Umbonia gladius is a species of treehopper occurring in the American tropics.

==Description==

In common with other Umbonia species, Umbonia gladius displays these features:

- The top part of the prothorax, the pronotum, is as long as the abdomen, sometimes extending to the tips of the leathery front wings, the tegmina.
- The pronotum develops three pointed, or apical, parts.
- The pronotum bears a conspicuous, elevated horn
- The pointed projections along the sides of the pronotum, and near the front, (suprahumeral processes) are clearly distinguishable, but relatively blunter and shorter than in other genera.
- The sides don't slope like the sides of a roof (tectiform) as conspicuously as in other genera.
- The genus is similar to the genera Platycotis and Potnia, but the horn isn't directed forwards, and the space between the shoulders is wider.

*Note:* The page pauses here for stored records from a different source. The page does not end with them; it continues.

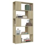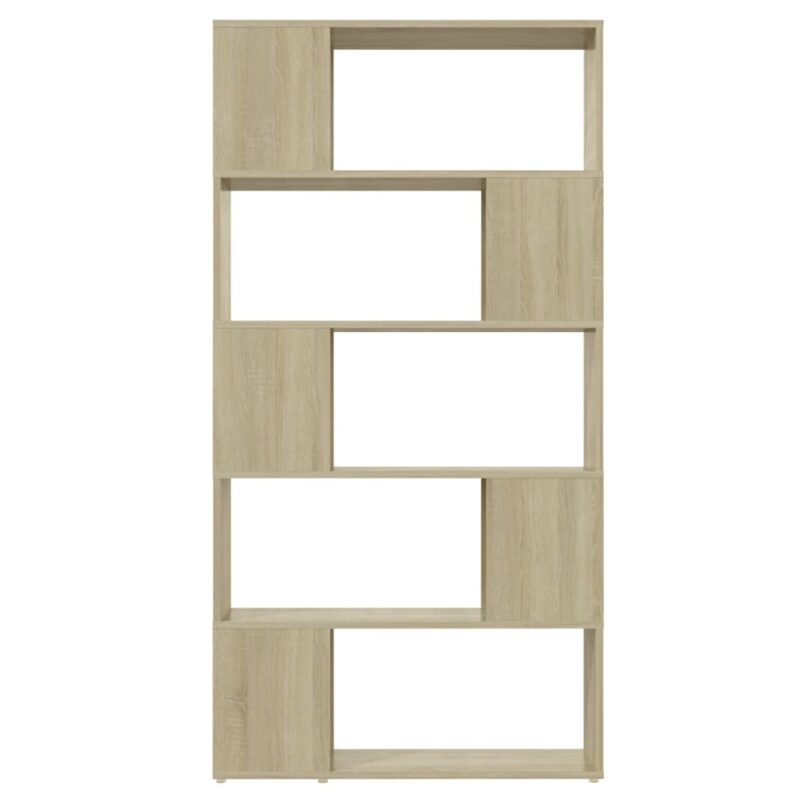 Alliez fonctionnalité et élégance avec cette Bibliothèque de séparation Chêne sonoma 80x24x155 cm Aggloméré, conçue pour agencer et embellir votre intérieur. Non seulement elle joue le rôle d’une étagère de rangement, mais elle fait également office de séparateur d’espace, idéal pour délimiter avec goût vos différentes zones de vie. Cette bibliothèque offre structure et solidité pour une utilisation durable grâce à son agencement robuste. Elle est dotée de cinq compartiments généreux qui vous permettent d’ordonner aisément livres, magazines, supports multimédia et éléments de décoration, tout en les gardant facilement accessibles.
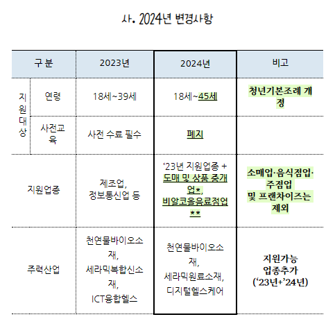 | 지원 업종 | 제조업, 정보통신업 등 | 기존 업종에 더해 일부 도매 및 상품중개업, 비알코올음료점업 추가 |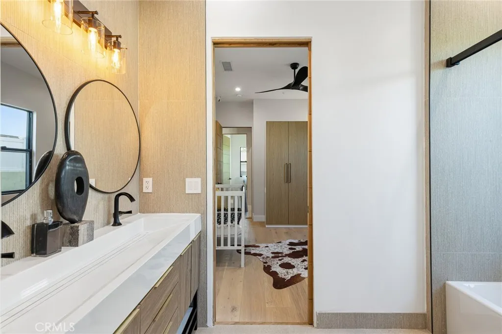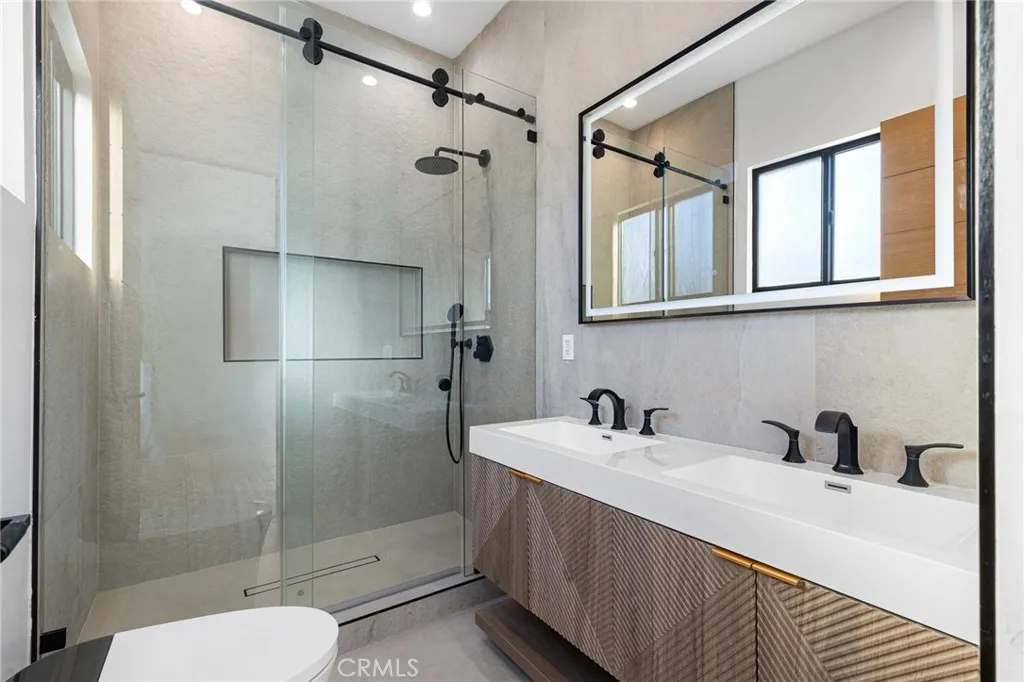 Welcome to 19537 and 19539 Mobile Street. Stunning newly rebuilt smart home with a New Pool, on a quiet residential street in Tarzana adjacent, offering luxury finishes, modern design, and income potential. Originally built for the owners, no detail was overlooked. The main home features approx. 2,040 sq ft with 4 bedrooms and 3.5 bathrooms, soaring 10-ft ceilings, and a custom white oak kitchen with premium Thermador appliances. Finishes include imported Italian tile, designer bathrooms, engineered hardwood floors, and upgraded aluminum windows throughout. A detached 400 sq ft ADU offers 1 bedroom, 1 bathroom, full kitchen, and 14-ft ceilings—ideal for guests or rental income. Equipped with a state-of-the-art Elan smart home system with over $150K in automation, including integrated audio, indoor/outdoor speakers, 16 cameras, and full smartphone control. DoorBird intercom system provides remote access to both driveway and pedestrian gates. Fully gated and private with a telescopic automatic gate featuring an 18-ft opening. Proforma combined rental potential of approximately $9,000/month. A rare turnkey opportunity combining luxury living with strong income potential.

The species Umbonia gladius further displays these special features:

- The pronotum's horn is erect, thin, flat, and rises perpendicularly, not curved toward the back.
- The pronotum's general color is ochreous.
- The pronotum is densely indented with coarse punctures.
- Males show a red streak on each side of the horn, which is nearly absent in females.
- The horn has a ridge (is carinated) and tipped with black.
- Legs are short and bear somewhat stiff hairs (hirsute).
- The bug is about 11mm long and 8 mm wide.

==Distribution==

Umbonia gladius is relatively poorly documented. The iNaturalist map in 2025 showed locations of the species observed by citizen scientists in the southeastern Mexican state of Yucatán and in Honduras. A 1996 detailed study of Umbonia species, a "revision", mentions its presence in Venezuela.

==Behavior==

As with other Umbonia species, females seem to prefer older males. Males attract females by clicking with their abdominal muscles. Males hop from plant to plant searching for mates while females stay together protecting and raising their young. Overall, Umbonia species are social, often remaining in the same general area throughout their lifespan, though males are more solitary than females.

==Taxonomy==

In 1846 when Umbonia gladius was first formally described (as Enchotype gladius) by Léon Fairmaire, he associated the species with the location "Campêche", which in 1846 was part of the Republic of Yucatán, separate from Mexico. In Buckton's 1903 monograph of the Membracidae he gives the "habitat" as "Valladolid, Yucatan, Campeachy".

In Fairmaire's 1846 description in French of the species this is to be seen: "coll. Guérin" surely meaning "in the collection of French entomologist Félix Édouard Guérin-Méneville" upon which the description was based.

In the 1996 revision of Umbonia by Creão-Duarte and Sakakibara it's stated that Umbonia gladius is very close to Umbonia crassicornis, differing in the top horn being a little broader at the top than the base – "sub-spatulate". It's suggested that U. gladius may be only a variation of U. crassicornis.

==Etymology==

The genus name Umbonia may be rooted in the word "umbo", which sometimes is used to designate the shield boss – the raised area at the center of warrior shields of antiquity – meant to deflect blows away from the shield's center. The horns atop Umbonia species are vaguely similar to such raised areas.

The species name gladius may be a New Latin borrowing from the name of the historical Roman sword about two feet long, used by gladiators, and in the Latin of that time called the gladius.